Самое удивительное, что в то утро балагур Верман врал очень мало, и то, что можно было эмпирически проверить, соответствовало действительности. Темно-голубой цвет этих глаз и то, что он умел свистеть «Шутку» Баха и пускать дым колечками, а также то, что знал наизусть дикое количество хороших стихов, – все это произвело на меня непередаваемое впечатление.

Пароход причалил к плоскому светлому берегу, ветла, что росла у воды, набросила на палубу сетчатую тень, и дощатый трап качнулся на серых веревках под нашими шагами.

Я, не в силах воспользоваться даром речи, с горящими щеками и мокрыми подмышками, не только не обращала внимание москвича на красоты русской глубинки, но и сама ничего вокруг не замечала, в то время как Верман, подпинывая сосновые шишки, шел рядом со мной по мягкой песчаной дороге и декламировал:

 
Целую локоть загорелый
И лба кусочек восковой.
Я знаю – он остался белый
Под смуглой прядью золотой.
 

Закончив «…от монастырских косогоров», где «косогоры» Верман, разумеется, прочитал с ударением, он принялся за Бродского, после Бродского читал Тютчева, за Тютчевым – Рембо, в переводе Лившица. Потом, уже в Москве, в дождливый университетский день, слушая шелест вежливого лектора о литературе Франции XIX века, я так и не смогла как следует понять: чудесен ли этот перевод потому, что он соответствует каким-то точным критериям искусства перевода, или же я просто не в силах отвести глаз от него, наполненного для меня навсегда этой смолистой воздушной негой, в которой поблескивали там и сям стрекозы? А голос Вермана продолжал:

 
Вот замечаете сквозь ветку над собой
Обрывок голубой тряпицы, с неумело
Приколотой к нему мизерною звездой.
Дрожащей, маленькой и совершенно белой.
Июнь! Семнадцать лет! Сильнее крепких вин
Пьянит такая ночь… Как будто бы спросонок,
Вы смотрите вокруг, шатаетесь один,
А поцелуй у губ трепещет, как мышонок.
 

Он начал было: «Я вас люблю, хоть я бешусь», но заблестело справа озерцо и дорога раздвоилась: один широкий ее рукав спустился в деревню, а другая, пыльная тропинка побежала прочь, вдоль березовой рощи и речного глубокого затона, где чернела вода и маслянисто желтели пахучие кубышки.

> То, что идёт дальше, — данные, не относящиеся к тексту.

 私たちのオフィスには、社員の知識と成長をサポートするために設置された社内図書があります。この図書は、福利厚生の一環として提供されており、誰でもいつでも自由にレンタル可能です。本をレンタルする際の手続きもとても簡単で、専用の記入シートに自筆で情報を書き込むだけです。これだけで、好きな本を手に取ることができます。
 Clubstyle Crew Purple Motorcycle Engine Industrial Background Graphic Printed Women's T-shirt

– Надо выпустить кота! – опомнилась я и взяла у Вермана корзинку. – Он здесь уже все знает.

Швондер выскочил оттуда, как чертик из табакерки, взъерошенный, раздраженный, голодный, и деранул к дому, который светился свежей сосновой древесиной среди других древних срубов. В это время дверь сарайчика рядом с дачей отворилась, и дед мой, с лодочным мотором на плече, показался в темном проеме.

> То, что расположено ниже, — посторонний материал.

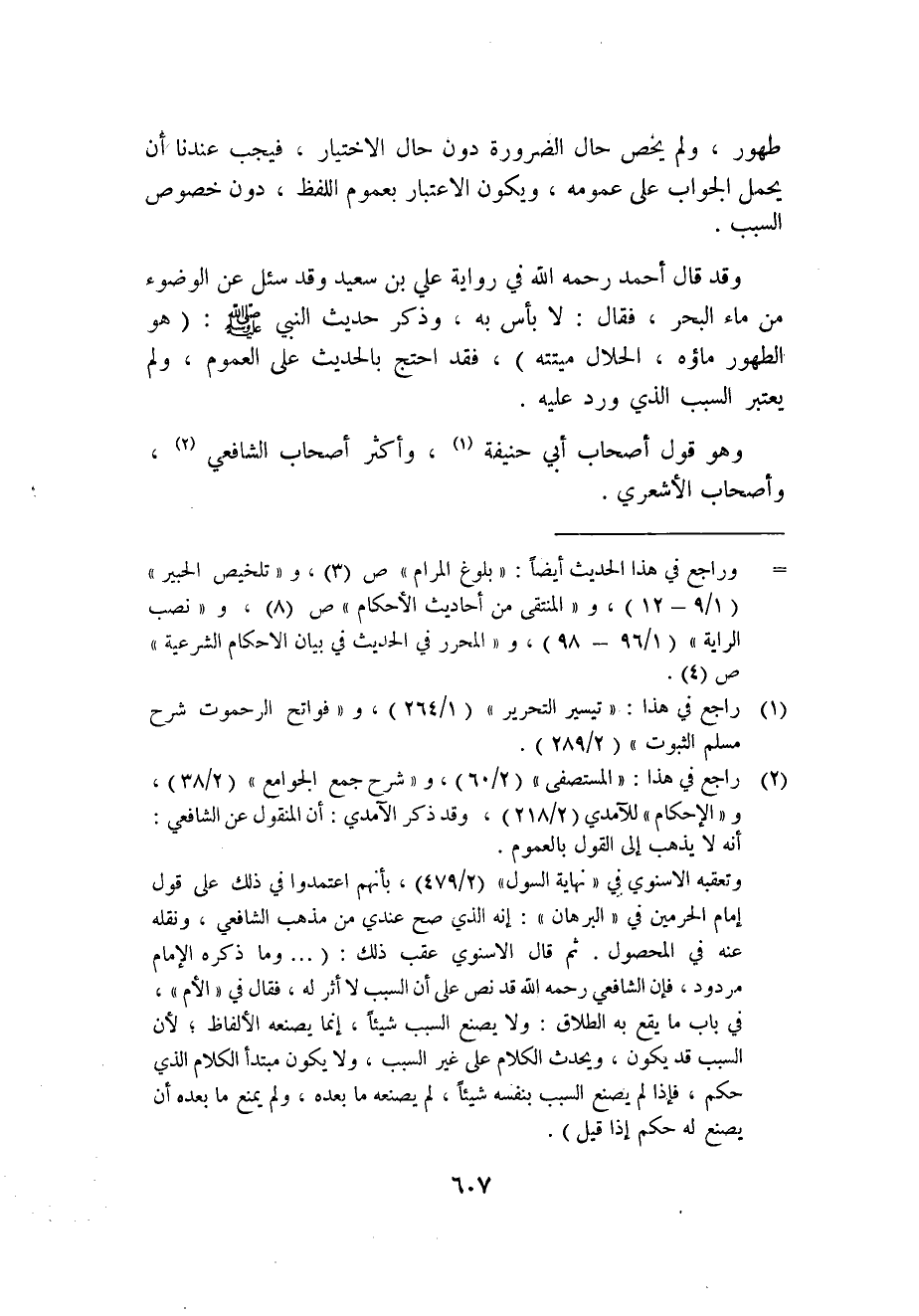 وقد قال أحمد رحمه الله في رواية علي بن سعيد وقد سئل عن الوضوء من ماء البحر؛ فقال: لا بأس به، وذكر حديث النبي صلى الله عليه وسلم: "هو الطهور ماؤه، الحلال ميتته"؛ فقد احتج بالحديث على العموم، ولم يعتبر السبب الذي ور عليه.

Для деда молодой странноватый журналист (что звучало для него примерно так же, как «библиотекарь») в белых брюках и алых кроссовках перестал представлять из себя какой – либо интерес, как только тот сказал, что рыбачит мало и сегодня вряд ли готов отправиться на дальний затон. Тогда дед еще раз показал мне разнообразные дачные припасы и побрел к лодке, кольнув меня на прощание седой небритой щекой.

– Влюбленные одне… – Верман опустил сумку на деревянную скамейку в кухне и достал из кармана пачку сигарет с верблюдиком.

– Давайте, знаете что, – подхватила я пустое ведро с перил, – вы идите погуляйте, воды наберите, познакомьтесь с сельскими жителями. А я буду готовить обед, вот.

– Я тоже люблю готовить, – возразил Верман и убрал сигареты обратно в карман. – Спорим, что картошку я чищу быстрее тебя?

Так мой гость никуда не ушел и вместо этого доставил мне массу организационных неудобств, потому что не хотел сидеть, как положено гостю, спокойно. Его интересовало все: есть ли у нас гамак, и где хранится картошка, и как зреют помидоры, если их сорвали зелеными, видна ли из окна река, почем продают частники молоко и когда я поцеловалась в первый раз.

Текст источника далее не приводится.